C find the 2 largest numbers and 2 smallest numbers in float array

Question

I am really frustrated , I tried all day to make it works but never figured it out. I need to find 2 largest and 2 smalllest numbers from arr[11] .

Here is what I have been done so far :

int main(){

float arr[11] ,max = 0, max2, min, min2;
int i = 0;

for (i = 0; i < 11; i++){
    scanf("%f", &arr[i]);
}

max = arr[0];
max2 = arr[0];
min = arr[0];
min2 = arr[0];

for (i = 1; i < 11; i++){
    if (arr[i] > max)
        max = arr[i];
    if (arr[i] < min)
        min = arr[i];
}

while (min == min2){
    min2 = arr[1 + i];
    i++;
}


for (i = 10; i > 0; i--){
    if (arr[i] > max2 && arr[i] < max)
        max2 = arr[i];
    if (arr[i] < min2 && arr[i] > min)
        min2 = arr[i];
}

printf("Max = %.2f\nMax2 = %.2f\nMin = %.2f\nMin2 = %.2f", max, max2, min, min2);
getch();
return 0;

}

Answer 1

You could sort it, but that will be O(n log n) if the array gets any larger. It's pretty irrelevant for 11 elements, though, and if you're certain it'll always be 11, then sorting would be the easiest method.

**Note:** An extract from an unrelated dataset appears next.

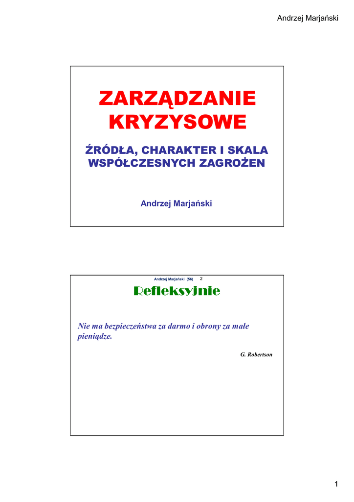 Andrzej Marjański ZARZĄDZANIE KRYZYSOWE ŹRÓDŁA, CHARAKTER I SKALA WSPÓŁCZESNYCH ZAGROŻEN Andrzej Marjański Andrzej Marjański (56) 2 Refleksyjnie Nie ma bezpieczeństwa za darmo i obrony za małe pieniądze. G. Robertson 1 Andrzej Marjański Andrzej Marjański (56) 3 Postrzeganie zagrożeń Człowiek żył i nadal żyje w dwóch przestrzeniach. Przestrzeń naturalna - będącą początkiem wszystkiego, co zdarzyło się na ziemi, tworzy środowisko naturalne Przestrzeń cywilizacyjna – stworzył ją człowiek. Stanowiła początkowo tarczę przeciw ślepym siłom natury, przekształciła się, w miarę rozwoju cywilizacyjnego, w byt niezależny. Wyodrębniono ją ze środowiska naturalnego, środowiska właściwego tylko ludziom, którego istotą są powiązania międzyludzkie wspomagane przez naukę i technikę. prof. dr hab. Jerzy WOLANIN, Wybrane elementy teorii doboru cywilizacyjnego - Czyli o tym, dlaczego zdarzenia niekorzystne są nieuchronne. * Andrzej Marjański (56) 4 Uwarunkowania współczesności Olbrzymi postęp naukowo-techniczny przyniósł nowe olbrzymie zagrożenia dla ludzkości Pojawiło się widmo zagłady atomowej cywilizacji Wystąpiło zagrożenie całkowitej degradacji środowiska naturalnego ….. Rozwój przemysłu powoduje zwiększanie ilości odpadów i emisji dwutlenku węgla do atmosfery Szczególne zagrożenia stwarzają elektrownie atomowe, zakłady chemiczne oraz magazynowanie i transport środków toksycznych Zagrożenia występują także w labolatoriach wykorzystujących niebezpieczne substancje * 2 Andrzej Marjański Andrzej Marjański (56) 5 Czynniki bezpieczeństwa Na współczesne bezpieczeństwo Polski wpływa wiele czynników obiektywnych i subiektywnych. Obiektywne - położenie geopolityczne, stan gospodarki, potencjał obronny, stan sojuszy, poziom życia obywateli. Subiektywne - prestiż międzynarodowy, autorytet przywódców, sprawność dyplomacji, poparcie społeczne w głównych kwestiach racji stanu, rola i znaczenie państwa w międzynarodowym systemie politycznym, poczucie bezpieczeństwa itp. * Andrzej Marjański (56) 6 Czynniki bezpieczeństwa Tradycyjnie bezpieczeństwo państwa rozpatrywane jest w aspekcie zagrożenia zewnętrznego, stąd istotne znaczenie przypisuje się polityce zagranicznej państwa w całokształcie działań i przedsięwzięć mających na celu jego kształtowanie. Podstawowym celem polityki zagranicznej państwa jest zapewnienie sobie bezpieczeństwa w środowisku międzynarodowym. Istota bezpieczeństwa państwa - zdolność narodu (państwa) do ochrony przed zagrożeniami zewnętrznymi szeroko rozumianych jego wartości. Potrzeby w zakresie kształtowania i utrzymania bezpieczeństwa narodowego na odpowiednim poziomie leżą w gestii państwa. 3 Andrzej Marjański Andrzej Marjański (56) 7 Sfera zewnętrzna bezpieczeństwa Celem polityki bezpieczeństwa państwa jest ochrona i zaspokajanie podstawowych potrzeb egzystencjalnych społeczeństwa, utrzymanie niepodległości i suwerenności itp. Sfera zewnętrzna - obszar polityki międzynarodowej, Państwo prowadzi działania, które mają zapobiec powstawaniu sytuacji konfliktowych. Jednak sama polityka zagraniczna nie jest jedynym wyznacznikiem bezpieczeństwa państwa. Andrzej Marjański (56) 8 Sfera wewnętrzna bezpieczeństwa Na bezpieczeństwo narodowe składa się również polityka wewnętrzna, która przekłada się na postrzeganie państwa, na arenie międzynarodowej. Stabilne stosunki społeczno-polityczne, przejrzysty, spójny i unormowany system prawny oraz silna gospodarka stanowią o suwerenności państwa. Państwo silne wewnętrznie jest traktowane przez inne podmioty międzynarodowe na zasadach partnerstwa. Brak bezpieczeństwa wewnętrznego wywołuje niepokój i poczucie zagrożenia nie tylko w społeczeństwie danego państwa, ale i w jego najbliższym otoczeniu, i na arenie międzynarodowej. * 4 Andrzej Marjański Andrzej Marjański (56) 9 Edukacja dla bezpieczeństwa Edukacja dla bezpieczeństwa jest kategorią nierozerwalnie związaną z istotą bezpieczeństwa, Wiedza i świadomość oraz ukształtowana osobowość stanowią o zdolności jednostek i grup do postrzegania zagrożeń, ich oceny oraz gotowości do przeciwdziałania, a tym samym stanowią jeden z elementów kształtowania bezpieczeństwa państwa. * Andrzej Marjański (56) 10 Rola struktur politycznych państwa Zabezpieczenie potrzeb bezpieczeństwa państwa lub narodu i w konsekwencji każdego członka społeczności, realizowane jest poprzez struktury polityczne państwa, które wytyczają kierunki i zakres działań w obszarze wewnętrznym oraz zewnętrznym * 5 Andrzej Marjański Andrzej Marjański (56) 11 Rola struktur politycznych państwa Oddziaływanie zewnętrzne to oddziaływanie na środowisko międzynarodowe, gdzie realizowana jest polityka zagraniczna. Polityka zagraniczna to środek oddziaływania i wpływania na inne państwa w celu realizacji wartości wewnętrznych, które dane państwo samo określa. O istocie bezpieczeństwa państwa będzie decydować jego ogólnie rozumiany potencjał, dawniej sprowadzany do siły militarnej i oddziaływań polityczno-dyplomatycznych tj. porozumień międzynarodowych gwarantujących pomoc militarną, a obecnie rozszerzony na inne kategorie umacniania bezpieczeństwa jak ekonomiczną, ekologiczną, humanitarną. Andrzej Marjański (56) 12 Rola struktur politycznych państwa Podobnie jak sojusze o charakterze militarnym, w dłuższej perspektywie można oczekiwać nie mniej istotnych dla bezpieczeństwa, ściślejszych porozumień ekonomicznych, czego obecnym przykładem są układy i porozumienia handlowe. Porozumienia i układy handlowe działać mogą w trzech obszarach: stabilizacji walutowej, udzielania pomocy finansowej rozwoju handlu międzynarodowego. Niezależnie od istoty porozumień handlowych są one jednym z istotniejszych elementów systemu bezpieczeństwa państwa. 6 Andrzej Marjański Andrzej Ma

Failing that, the simplest way, from the perspective of understanding the code, would be:

1. Make one pass through the array to identify the min and the max. Record not just the min and max, but their locations too.
2. Make another pass through the array, and find the min and max, but ignoring the elements you found in the first pass.

In terms of the code you have, the problem is here:

while (min == min2){
    min2 = arr[1 + i];
    i++;
}

This is after your first loop, where i ran from 1 to 10. At the end of the loop, the value of i would have been 11. But now you're keeping scanning, and i is still increasing... you've run past the end of the array!

Answer 2

You are effectively having to sort 4 elements from a population of 11. You also have to deal with edge cases like extreme elements being equal.

That all considered, consider sorting the array (use qsort ) then pull out the first two and last two elements as your answer.

Indeed you are unnecessarily sorting 7 elements, but, in compensation, your code will be stable as it makes use of a standard library function to do the hard work. The logarithmic algorithm of qsort will not penalise you too much for that, as 4 and 11 are of similar magnitude in logarithmic space.

Of course, if the population size increases so O(N Log N) becomes large then you might have to switch to a hand-coded solution if your use-case demands that.

Answer 3

I think you need to reinit the value of i before this part of code. It's out of your array bound, because after previous for loop value of i is 11 .

while (min == min2){
    min2 = arr[1 + i];
    i++;
}

add i = 0 before that. Also note that part of code will go infinitly when all float in this array are equal.

Answer 4

Only 1 pass needed. Compare each value to the not-so-extreme value first.

Use >= and <= if ties are allowed.

max2 = -FLT_MAX; // greatest  
max  = -FLT_MAX; // almost greatest
min  =  FLT_MAX; // almost least
min2 =  FLT_MAX; // least

for (i = 0; i < 11; i++){
  if (arr[i] > max) {
    max = arr[i];
    if (max > max2) {
      max = max2;
      max2 = arr[i];
    }
  }
  if (arr[i] < min) {
    min = arr[i];
    if (min < min2) {
      min = min2;
      min2 = arr[i];
    }
  }
}

printf("Max = %.2f\nMax2 = %.2f\nMin = %.2f\nMin2 = %.2f", max, max2, min, min2);

---

A nifty approach uses NAN - not a number. Notice the !(a<=b) rather than (a>b) . Because of NAN , these are different. Comparing to NAN is always false, even NAN == NAN is false. With !(a<=b) , the compare is true when a is greater than b or if a is NAN or if b is NAN .

Notes: Only maximum half of the problem shown. 0.0/0.0 --> NAN.

// Initialize both to NAN
max2 = 0.0f/0.0f; // greatest  
max  = 0.0f/0.0f; // almost greatest

for (i = 0; i < 11; i++) {
  if (!(arr[i] <= max)) {
    max = arr[i];
    if (!(max <= max2)) {
      max = max2;
      max2 = arr[i];
    }
  }
}

printf("Max = %.2f\nMax2 = %.2f\n", max, max2);